Learning at the Right Pace: Adaptive Data Scheduling Improves LLM Reinforcement Learning
Pith reviewed 2026-06-26 11:06 UTC · model grok-4.3
The pith
Adaptive Data Scheduling improves LLM reinforcement learning accuracy by replacing uniform sampling with semantic cluster adaptation and policy-boundary selection.
A machine-rendered reading of the paper's core claim, the machinery that carries it, and where it could break.
Core claim
ADS is a dual-level data scheduling framework for RL post-training that organizes training samples according to semantic patterns, maintains an adaptive inter-cluster distribution to solidify training progress, and performs intra-cluster scheduling to continuously sample policy-boundary samples that provide informative relative advantages.
What carries the argument
Adaptive Data Scheduling (ADS), the dual-level framework with adaptive inter-cluster distribution over semantic clusters and intra-cluster policy-boundary sample selection.
If this is right
- ADS achieves a 5.2% average accuracy improvement over GRPO across three LLMs and seven benchmarks.

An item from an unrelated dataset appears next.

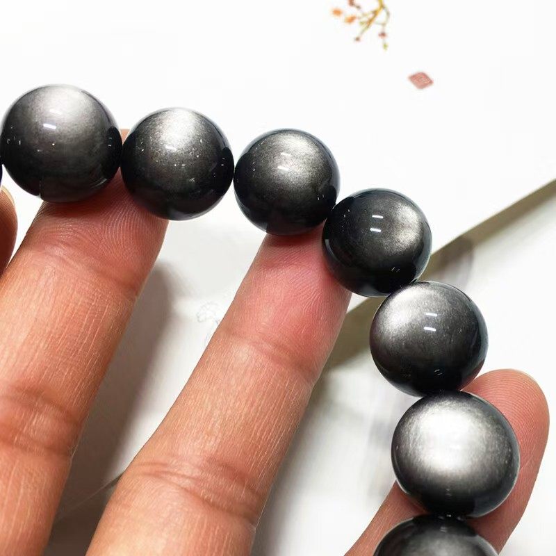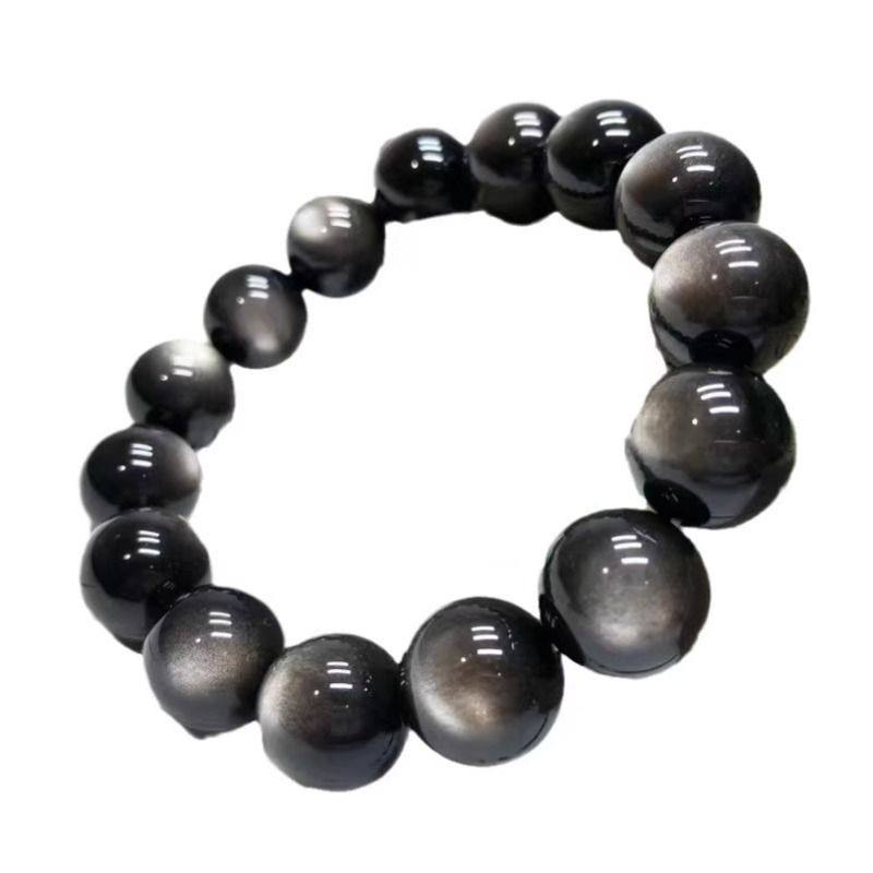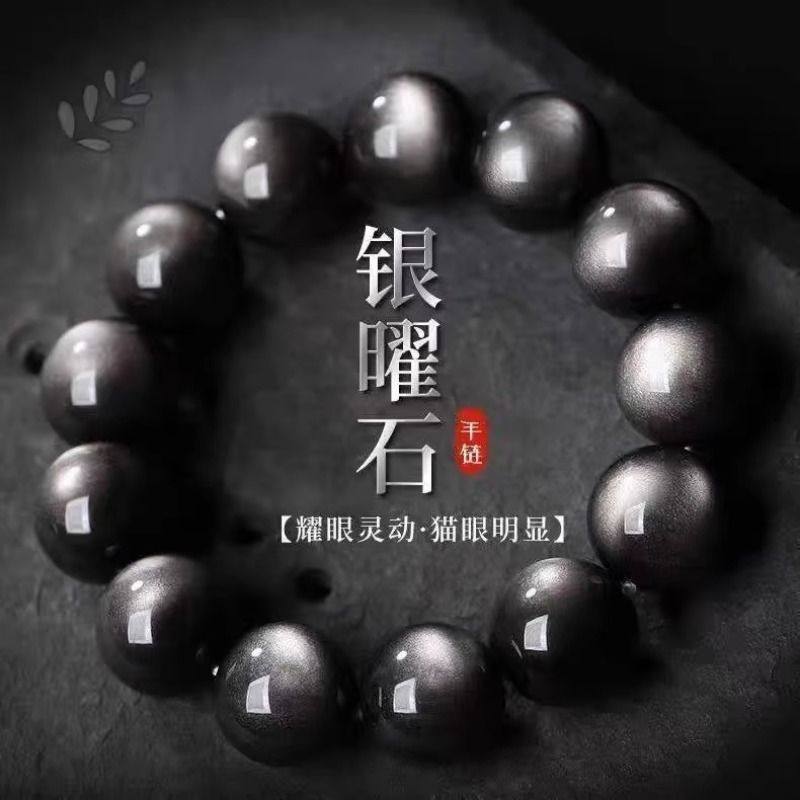 7A级双眼银曜石金曜石彩虹眼黑曜石手链男女水晶佛珠转运手串

- ADS improves RL methods with different objective designs, indicating it functions as a general strategy.
- The framework replaces uniform sampling that ignores semantic structure and changing policy capability.
Where Pith is reading between the lines
- If boundary selection increases advantage estimate variance, the approach might extend to non-LLM RL tasks with noisy rewards.
- Layering ADS on top of existing difficulty-based curricula could produce additive gains by combining semantic and capability signals.
- Checking whether cluster assignments stay stable over long training runs would reveal how often reclustering is needed.
Load-bearing premise
Semantic clustering of the training data together with policy-boundary sample selection within clusters supplies informative relative advantages without introducing harmful selection bias or reducing data diversity.
What would settle it
An ablation where the adaptive inter-cluster distribution or the intra-cluster boundary selection is replaced by uniform sampling, checking whether the reported accuracy gain over GRPO disappears.
Figures
read the original abstract
Large Language Models (LLMs) achieve remarkable reasoning capabilities through reinforcement learning (RL) post-training. However, existing RL post-training commonly relies on uniform data sampling, which ignores the semantic structure of the training data and the changing capability of the training policy. To address these limitations, we propose Adaptive Data Scheduling (ADS), a dual-level data scheduling framework for pacing RL post-training that replaces uniform sampling with an adaptive distribution over semantic clusters and policy-boundary sample selection. At the cluster level, ADS organizes samples according to semantic patterns and maintains an adaptive inter-cluster distribution to solidify current training progress. At the sample level, ADS performs intra-cluster scheduling to continuously sample policy-boundary samples, which provides informative relative advantages. Experimental results across three LLMs and seven reasoning benchmarks demonstrate that ADS improves average accuracy by 5.2% over Group Relative Policy Optimization (GRPO). Notably, ADS consistently improves RL methods with different objective designs, highlighting its potential as a general data scheduling strategy for LLM RL post-training. The source code is available at: https://github.com/Richard-zrx/ADS.
Editorial analysis
A structured set of objections, weighed in public.
Referee Report
Summary. The manuscript proposes Adaptive Data Scheduling (ADS), a dual-level data scheduling framework for LLM RL post-training. At the cluster level, training samples are organized by semantic patterns with an adaptive inter-cluster distribution; at the sample level, intra-cluster selection targets policy-boundary samples to supply informative relative advantages. Experiments across three LLMs and seven reasoning benchmarks report a 5.2% average accuracy improvement over GRPO, with consistent gains when combined with other RL objectives. Source code is released.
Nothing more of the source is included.